Telma abriu o sorriso sábio de quem já esperava por aquilo, pois já vira aquele filme. Então Carla estava redescobrindo a vergonha, ela que tantas vezes antes havia utilizado o próprio corpo para obter favores, até do priminho! Sentindo-se vitoriosa, respondeu:

— Eu já falei com ela. Se você continuar melhorando, ela vai deixar.

Carla fez uma expressão vagamente esperançosa. Telma prosseguiu:

— Escuta, você quer ir comigo na igreja amanhã?

Telma divertiu-se com a cara de susto que Carla fez.

— Você está pensando que o pessoal da igreja é tudo crente fanático, que só anda de saião, não é nada disso! É gente normal. Vem comigo que você vai gostar.

Tia Vitória liberou pela primeira vez uma boa roupa para Carla vestir, e ela parecia feliz ao entrar assim na igreja.

— Oi gente! Essa é a Carla, minha prima, que está passando uma temporada na casa da tia Vitória!

Todos já conheciam a história de Carla, e cumprimentaram-na com satisfação. Carla pôde constatar que o pessoal ali era de fato perfeitamente normal como Telma havia dito, e muito bem educado. Um pouco acanhada no início, em pouco tempo já estava conversando. Telma propôs:

— Quer experimentar cantar no coral da igreja? Você tem uma voz bonita!

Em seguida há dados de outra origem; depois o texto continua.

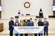 케이부동산뉴스 김교민 기자 | 용인특례시의회는 30일 의장실에서 원주시의회 원주특례시추진특별위원회의 방문을 받고 특례시 추진 및 운영 사례를 공유하는 시간을 가졌다고 밝혔다. 이번 방문은 특례시 추진을 준비 중인 원주시의회가 용인특례시의회의 제도 운영 경험과 의회 조직·권한 구조를 벤치마킹하기 위해 마련됐다. 용인특례시의회에서는 유진선 의장을 비롯해 이윤미 의회운영위원장, 김희영·이진규·기주옥 의원이 참석했으며, 용인특례시 자치분권과 관계자들도 함께했다. 원주시의회 원주특례시추진특별위원회에서는 손준기 위원장과 최미옥·문정환 의원 등 관계자들이 참석했다. 이날 일정은 상호 소개를 시작으로 ▲특례시 운영 현황 및 제도적 기반에 대한 설명 ▲특례시 추진 과정과 의회 역할 공유 ▲의회 시설 견학 순으로 진행됐다. 특히, 참석자들은 ‘지방자치법’과 ‘지방자치분권 및 지역균형발전에 관한 특별법’ 등 특례시 관련 법령 체계, 인구 100만 이상 대도시의 행·재정 수요 증가에 따른 특례시 도입 배경과 필요성, ‘특례시의회 사무기구 구성과 정책지원 전문인력 운영 사례 등에 대해 심도 있는 의견을 나눴다.

Carla fez cara de vergonha, talvez lembrando que as músicas que ela cantava bem eram funk´s bem safados. Telma riu.

— Eu já botei a Renata minha colega para cantar, você pode fazer dueto com ela!

Em pouco tempo Carla e Renata já estavam entrosadas, e conversando como velhas amigas. Telma afastou-se um pouco, mas pôde escutar de longe:

— A Telma é muito, muito legal.

— Me ajudou pra carai, eu custei para ver isso!